Evaluation. Matches the sorted reference's slice; cost scales with result size, not list size.

Task 8 — Skip-list-backed ordered map¶

Goal. Turn the set into a Map[int]V: store a value payload per node. Put(k, v) inserts or updates; Get(k) -> (V, bool); Delete(k). Ordered iteration yields (key, value) pairs by key.

Constraints.

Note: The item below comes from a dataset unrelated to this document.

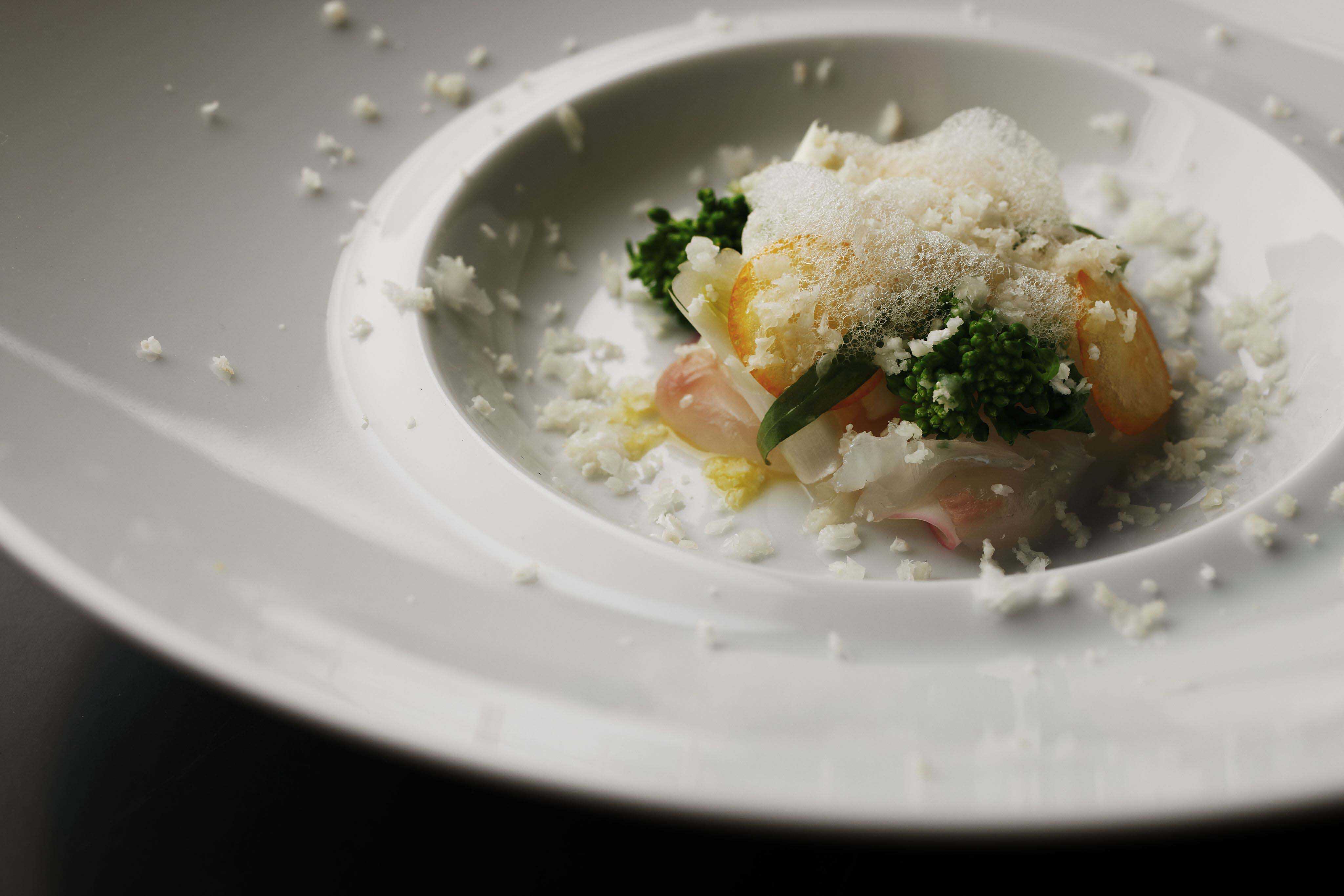 ウルイなどの春野菜を取り合わせたのが“平目”。平目のカルパッチョは適度な脂がのった上味で、カリフラワーのクリームとスライスの甘みが寄り添う。煎り酒の泡や金柑が香味を加える。

On Put of an existing key, update the payload in place (do not insert a duplicate node). Map semantics, not multiset.

Evaluation. Behaves like a sorted map; Put of an existing key changes its value without growing the list.

Task 9 — Doubly-linked level 0 (predecessor + reverse iteration)¶

Goal. Add a backward pointer to each base-level node, making level 0 doubly linked (the Redis design). Implement Predecessor(v) in O(1) given a node, and ReverseIterate() yielding elements in descending order.

Constraints. Maintain backward correctly on insert (point new node back at its predecessor, point successor back at new node) and delete (re-link the gap). The head's backward is nil; the tail tracks the last node.

Evaluation. Reverse iteration produces the exact reverse of forward iteration; predecessor of each node is correct.

Task 10 — Inversion count via an order-statistic skip list¶

Goal. Use an indexable skip list (Task 6) to count inversions in an array: for each element from right to left, query how many already-inserted elements are smaller, then insert. Sum the counts.

Constraints. O(n log n) total. Handle duplicates consistently (decide whether equal elements count as inversions).

Evaluation. Matches a brute-force O(n²) inversion count on random arrays of length 1000.

Advanced Tasks¶

Task 11 — Concurrent skip list with fine-grained behavior¶

Goal. Implement a thread-safe skip list. Start with a single RWMutex (search read-locks, insert/delete write-lock). Then stress-test it: spawn 8 goroutines/threads doing mixed insert/delete/search and verify no data races (Go -race, Java with concurrent assertions) and that final contents match a sequential replay.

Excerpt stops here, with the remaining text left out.